# [Task instructions]
Take the data below and extract the lines from the one with "partiju jedinstvenim izazovom!" to the one with "做這道美食,首先需要準備一些", inclusive, exactly as written.

# [Records supplied]

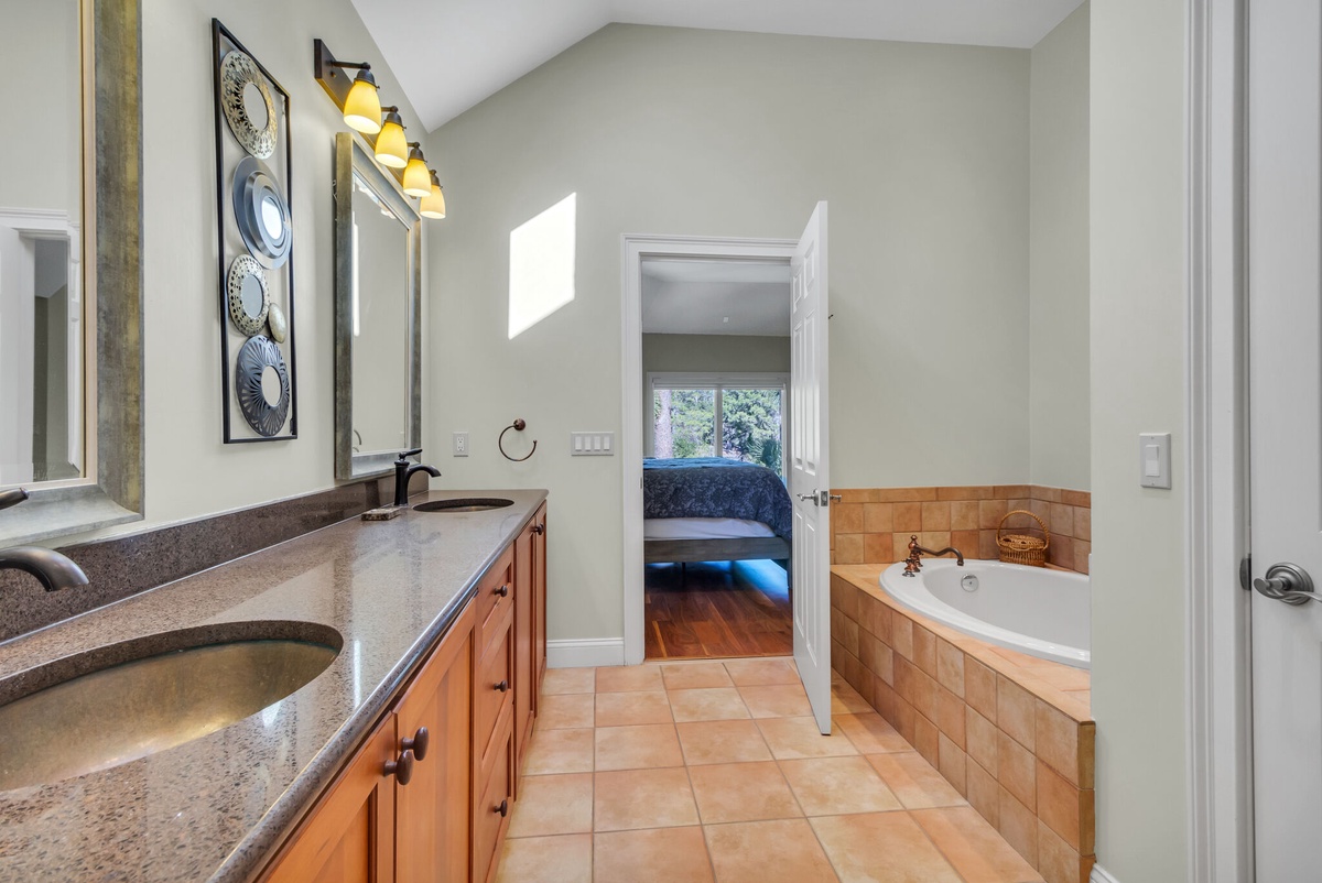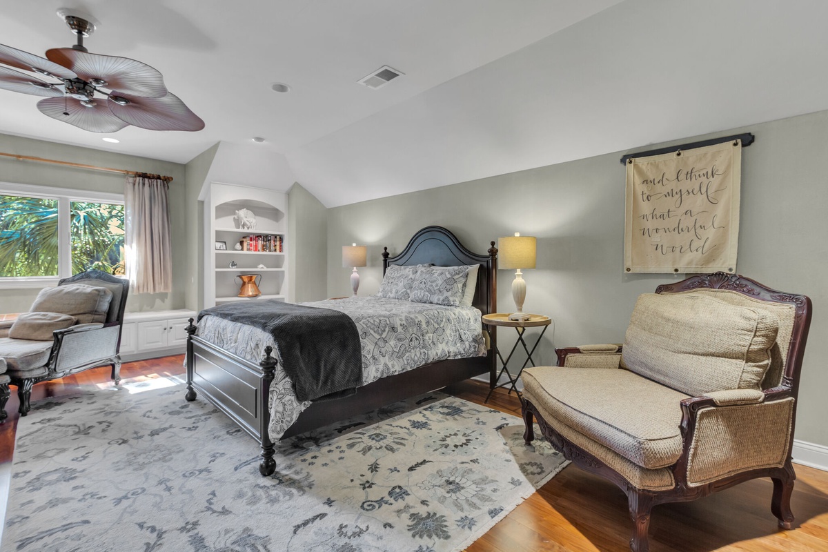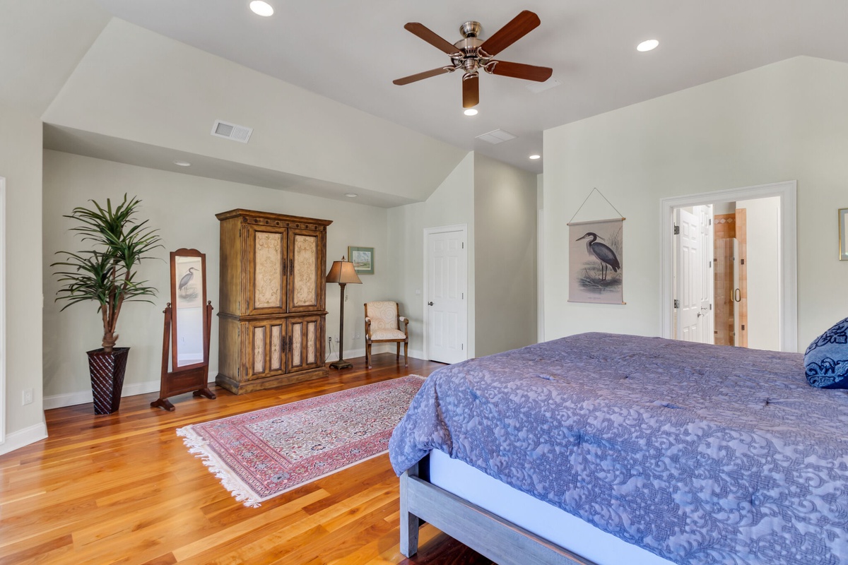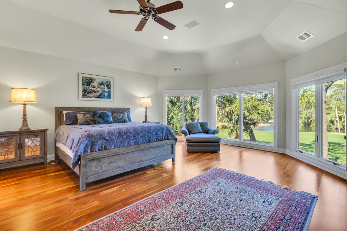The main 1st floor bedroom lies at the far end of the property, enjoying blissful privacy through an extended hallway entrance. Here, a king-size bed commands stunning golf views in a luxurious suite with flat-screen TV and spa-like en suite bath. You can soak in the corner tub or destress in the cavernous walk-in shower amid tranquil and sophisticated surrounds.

---

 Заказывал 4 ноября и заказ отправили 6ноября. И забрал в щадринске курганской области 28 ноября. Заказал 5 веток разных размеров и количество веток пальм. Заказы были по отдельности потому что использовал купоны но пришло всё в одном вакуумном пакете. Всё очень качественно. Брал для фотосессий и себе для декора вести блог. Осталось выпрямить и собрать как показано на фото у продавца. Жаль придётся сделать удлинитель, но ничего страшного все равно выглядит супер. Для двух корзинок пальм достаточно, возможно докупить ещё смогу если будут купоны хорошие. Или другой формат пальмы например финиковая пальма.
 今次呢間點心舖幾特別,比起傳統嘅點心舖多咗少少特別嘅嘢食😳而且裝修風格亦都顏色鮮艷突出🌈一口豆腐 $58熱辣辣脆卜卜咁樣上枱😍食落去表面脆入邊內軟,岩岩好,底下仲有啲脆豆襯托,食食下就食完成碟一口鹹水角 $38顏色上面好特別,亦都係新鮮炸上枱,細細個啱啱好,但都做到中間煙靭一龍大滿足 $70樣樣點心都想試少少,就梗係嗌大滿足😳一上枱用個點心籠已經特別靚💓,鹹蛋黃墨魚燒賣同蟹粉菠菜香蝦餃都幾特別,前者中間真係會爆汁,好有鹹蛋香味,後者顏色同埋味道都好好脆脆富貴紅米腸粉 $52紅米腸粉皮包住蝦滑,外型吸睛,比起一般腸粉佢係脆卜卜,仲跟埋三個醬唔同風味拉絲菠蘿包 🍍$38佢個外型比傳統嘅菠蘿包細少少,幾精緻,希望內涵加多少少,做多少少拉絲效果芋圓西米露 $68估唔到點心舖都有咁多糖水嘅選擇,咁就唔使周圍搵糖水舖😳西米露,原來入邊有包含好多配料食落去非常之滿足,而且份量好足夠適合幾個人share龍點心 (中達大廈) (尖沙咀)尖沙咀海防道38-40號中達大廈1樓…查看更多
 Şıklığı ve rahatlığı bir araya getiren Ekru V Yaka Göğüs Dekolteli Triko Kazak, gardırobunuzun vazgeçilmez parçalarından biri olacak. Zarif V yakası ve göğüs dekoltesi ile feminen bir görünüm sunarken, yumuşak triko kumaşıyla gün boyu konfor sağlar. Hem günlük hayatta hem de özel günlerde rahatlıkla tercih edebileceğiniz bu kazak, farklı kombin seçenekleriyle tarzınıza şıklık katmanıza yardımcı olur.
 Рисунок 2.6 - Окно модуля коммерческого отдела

==

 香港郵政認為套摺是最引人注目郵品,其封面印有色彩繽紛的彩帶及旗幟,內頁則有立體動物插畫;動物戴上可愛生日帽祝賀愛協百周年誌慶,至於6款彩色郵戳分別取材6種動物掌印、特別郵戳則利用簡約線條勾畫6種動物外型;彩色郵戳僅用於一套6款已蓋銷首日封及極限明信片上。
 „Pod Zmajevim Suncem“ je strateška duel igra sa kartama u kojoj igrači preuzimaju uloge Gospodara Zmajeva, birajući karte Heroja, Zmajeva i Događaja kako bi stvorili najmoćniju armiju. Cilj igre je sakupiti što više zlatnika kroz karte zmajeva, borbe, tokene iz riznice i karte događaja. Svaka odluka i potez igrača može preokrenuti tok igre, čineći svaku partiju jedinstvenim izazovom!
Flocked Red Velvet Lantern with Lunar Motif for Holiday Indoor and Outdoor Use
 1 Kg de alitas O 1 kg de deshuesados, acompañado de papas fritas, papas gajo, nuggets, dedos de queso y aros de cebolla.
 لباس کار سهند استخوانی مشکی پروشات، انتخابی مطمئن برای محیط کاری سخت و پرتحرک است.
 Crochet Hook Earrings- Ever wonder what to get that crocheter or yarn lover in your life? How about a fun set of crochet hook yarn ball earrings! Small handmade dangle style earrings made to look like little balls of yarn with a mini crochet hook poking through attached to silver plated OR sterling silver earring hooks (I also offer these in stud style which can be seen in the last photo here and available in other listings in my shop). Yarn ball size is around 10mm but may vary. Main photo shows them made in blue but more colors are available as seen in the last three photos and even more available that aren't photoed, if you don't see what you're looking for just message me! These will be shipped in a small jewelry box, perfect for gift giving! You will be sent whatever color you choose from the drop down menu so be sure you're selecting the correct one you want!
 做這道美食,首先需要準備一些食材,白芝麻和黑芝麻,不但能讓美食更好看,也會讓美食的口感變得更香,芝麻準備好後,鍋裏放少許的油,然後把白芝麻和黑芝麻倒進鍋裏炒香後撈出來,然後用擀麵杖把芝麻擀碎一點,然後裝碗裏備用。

# [Task answer]
 „Pod Zmajevim Suncem“ je strateška duel igra sa kartama u kojoj igrači preuzimaju uloge Gospodara Zmajeva, birajući karte Heroja, Zmajeva i Događaja kako bi stvorili najmoćniju armiju. Cilj igre je sakupiti što više zlatnika kroz karte zmajeva, borbe, tokene iz riznice i karte događaja. Svaka odluka i potez igrača može preokrenuti tok igre, čineći svaku partiju jedinstvenim izazovom!
Flocked Red Velvet Lantern with Lunar Motif for Holiday Indoor and Outdoor Use
 1 Kg de alitas O 1 kg de deshuesados, acompañado de papas fritas, papas gajo, nuggets, dedos de queso y aros de cebolla.
 لباس کار سهند استخوانی مشکی پروشات، انتخابی مطمئن برای محیط کاری سخت و پرتحرک است.
 Crochet Hook Earrings- Ever wonder what to get that crocheter or yarn lover in your life? How about a fun set of crochet hook yarn ball earrings! Small handmade dangle style earrings made to look like little balls of yarn with a mini crochet hook poking through attached to silver plated OR sterling silver earring hooks (I also offer these in stud style which can be seen in the last photo here and available in other listings in my shop). Yarn ball size is around 10mm but may vary. Main photo shows them made in blue but more colors are available as seen in the last three photos and even more available that aren't photoed, if you don't see what you're looking for just message me! These will be shipped in a small jewelry box, perfect for gift giving! You will be sent whatever color you choose from the drop down menu so be sure you're selecting the correct one you want!
 做這道美食,首先需要準備一些食材,白芝麻和黑芝麻,不但能讓美食更好看,也會讓美食的口感變得更香,芝麻準備好後,鍋裏放少許的油,然後把白芝麻和黑芝麻倒進鍋裏炒香後撈出來,然後用擀麵杖把芝麻擀碎一點,然後裝碗裏備用。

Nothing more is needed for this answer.